I drove home that way from Cornwall a couple of years back to remind myself of why I no longer holiday in Devon. And I concur over Paignton and Torquay. The former seemed rather like WSM.

I had planned to take a look at Brixham, but it's a pain to get to.


----------



## Geri (Feb 6, 2010)

gentlegreen said:


> I drove home that way from Cornwall a couple of years back to remind myself of why I no longer holiday in Devon.



Must admit I was less than impressed last time we went to Devon (Exmouth). It's just so much cheaper and easier to get to than Cornwall, it costs us £100 or so to get to Newquay on the train.


----------



## gentlegreen (Feb 6, 2010)

Geri said:


> Must admit I was less than impressed last time we went to Devon (Exmouth).
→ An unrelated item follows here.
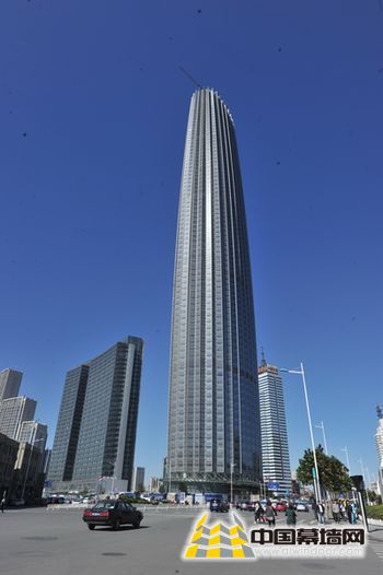 據了解,津塔寫字樓的玻璃幕墻已經安裝至地上75層,正在安裝采光頂的平頂玻璃。除平頂玻璃之外,建筑高度為12米的大堂和雨棚玻璃亦正在安裝,預計11月中旬津塔寫字樓的玻璃幕墻將全部封閉。

It's just so much cheaper and easier to get to than Cornwall, it costs us £100 or so to get to Newquay on the train.



I loved Exmouth as a kid (Sandy Bay). I suppose it depends on what you want to do ..it's handy for  Budleigh Salterton, Sidmouth , Charmouth, Lyme Regis and the like.

But the 70s were simpler times and I was so much younger .. I was a collector of rocks and shells in those days ...

I generally want wild places these days - surf to muck about in, places to fish ...

Holidays are definitely very different if you don't have to do it alone.


----------



## djbombscare (Feb 9, 2010)

TBH Geri, your missing some of the best parts of Devon by sticking to the South Coast.

Exmouth And Torquay are a bit more Candy floss and Kiss me quick hats in the Toursity times and a bit gods waiting room the rest of the time. Dont get me wrong theres some pearls to be found there. But dont get yoru hopes up. 

Come in land a bit and theres a million and one OTHER non crap place to visit, Dartmoor Exmoor all have gorgeous places, most of which are free. Go to the North Coast and its breath taking.

Its not going to be as Cheap as Dawlish, Exmouth, Sandy Bay, Torbay and the like. But if you wnat to get away from the typically seaside-esque style holidays you'll have to vear away from those places, or just use tham as a base and travel out to other places.

I'll tell you what tell me what your looking for and I'll sort you out suggestions of where might be worth a visit. 

If your stuck to trains and public transport only I'll try and include them in the solutions. Now its not like the Brizzle bus service but it is ok, its just hourly, and tends to centre around the bus station in Exeter.

Hope that helps


----------



## Meltingpot (Mar 9, 2010)

Brixham (although the coast road east from Torquay along the Ilsham Marine Drive has some fine scenery, and I remember a school trip to Kent's Cavern when I was young).

Don't know why but I like Dawlish and Teignmouth more, at least for a day trip.


----------



## Geri (Mar 23, 2010)

The trouble with the north coast of Devon is that it's not very accessible by by public transport, as far as I can see. I admit that it is a lot nicer, I've been to Woolacombe/Croyde but that was with a friend who had a car. I also spent a week in Westward Ho! in my teens but the less said about that the better.

Anyway, we've booked an apartment in Paignton now, so it's sorted.


----------



## Meltingpot (Mar 24, 2010)

Cockington is worth an hour or two (I went there in 1983);

http://www.bbc.co.uk/devon/outdoors/walks/cockington.shtml


----------



## Geri (Mar 24, 2010)

I expect we will check it out


----------